そこで、漢方薬の力を信じるメイさんに会った。僕はとてもインスパイアを受けた。2人は僕に蕁麻疹が出たことをとても心配してくれていて、それだけで愛のある人たちだ…と思っていた。

「漢方薬めっちゃ効くよ」

そう言って、夕食会場の近く、チャイナタウンの中にある漢方のお店で、迷いなく謎の塗り薬を購入するメイさん。

動きに迷いがない

メイさんは僕と違って、全ての行動に迷いがない。お店のおばさんに「蕁麻疹が出ちゃったんですけど、何か良い薬ありますか?」と聞いて、最初に渡された、なんて書いてあるのか読めない薬を即購入し、無駄のない動きで僕にくれた。

「目に入れてはいけない」ということだけしか伝えられなかった。

僕は、人に薬を買ったことがないと思った。東京で友人が病気になれば、半ば僕にできることは何もないよなと心の中で思いながら、心配しているような(実際に心配しているけど)メッセージを送って、病気のTipsが箇条書きになったTwitterかネット記事をLINEで送る。ただそれだけ。

薬代も高いのにそれを奢ってくれる気前の良さと、心配して、そして実際に行動する。こんな僕の人生にも食い込んできてくれる。周りに影響している。ポジティブに。メイさんはどんな風に考えて(もしくは考えずして身体に染み付いているのかもしれない)行動してくれたのかわからないけど、僕はすごく嬉しかった。

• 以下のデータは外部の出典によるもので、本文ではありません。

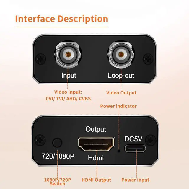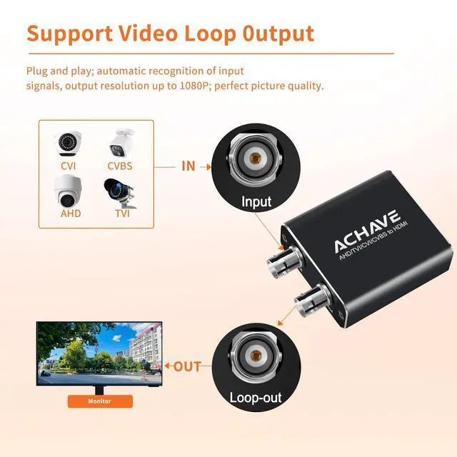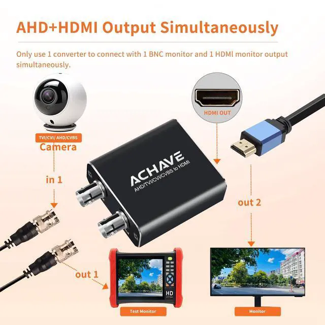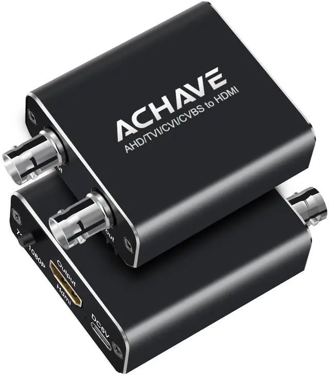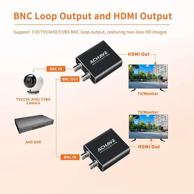 Transform your surveillance and monitoring setup with this versatile ACHAVE TVI/CVI/AHD/CVBS to HDMI converter. This powerful device seamlessly converts analog video signals to crystal-clear digital HDMI output at either 720P or 1080P resolution, selectable via an easy-to-use switch. The converter features both HDMI output and BNC loop-out capabilities, allowing you to connect multiple monitors simultaneously while maintaining excellent image quality. Supporting multiple input formats including TVI, CVI, AHD, and CVBS, this converter can handle resolutions up to 8MP (depending on input type), making it perfect for various applications from home security to commercial surveillance. The device maintains superior image quality with precise brightness, contrast, and color reproduction. It offers impressive transmission capabilities of 500-700 meters over coaxial cable, varying by resolution. The compact metallic housing ensures durability, while the 5V power supply (included) provides stable operation. Perfect for shopping centers, residential monitoring, elevator surveillance, and traffic monitoring systems, this converter combines versatility with reliable performance in a professional-grade package.

どうでもいいが、アメリカは処方箋なしでゲットできる薬が多い気がする。国民皆保険ではなく医療費が高いと言うのはよく聞く話だが、医者にかからずに自分で直すという精神が強いのかもしれない。

何1つ読めない。メイさんも読めてない。

その後、帰って、薬を塗った。

アメリカのZyrtecと中国の塗り薬。世界のGDPが1位と2位の大国が総出で僕の皮膚病を治しにかかっている状態。

結果、めちゃくちゃ治った。

実はこの時の僕は、人生で一番皮膚に問題を抱えていた。両耳が荒れに荒れていて、なぜか両耳からリンパ液が止まらなくなっていた。すごく不快だ。

鎖骨のあたりには赤い瘡蓋があった。

全部に塗った。

3日後、それが全部治った。

アメリカと中国の薬は、めちゃくすごい。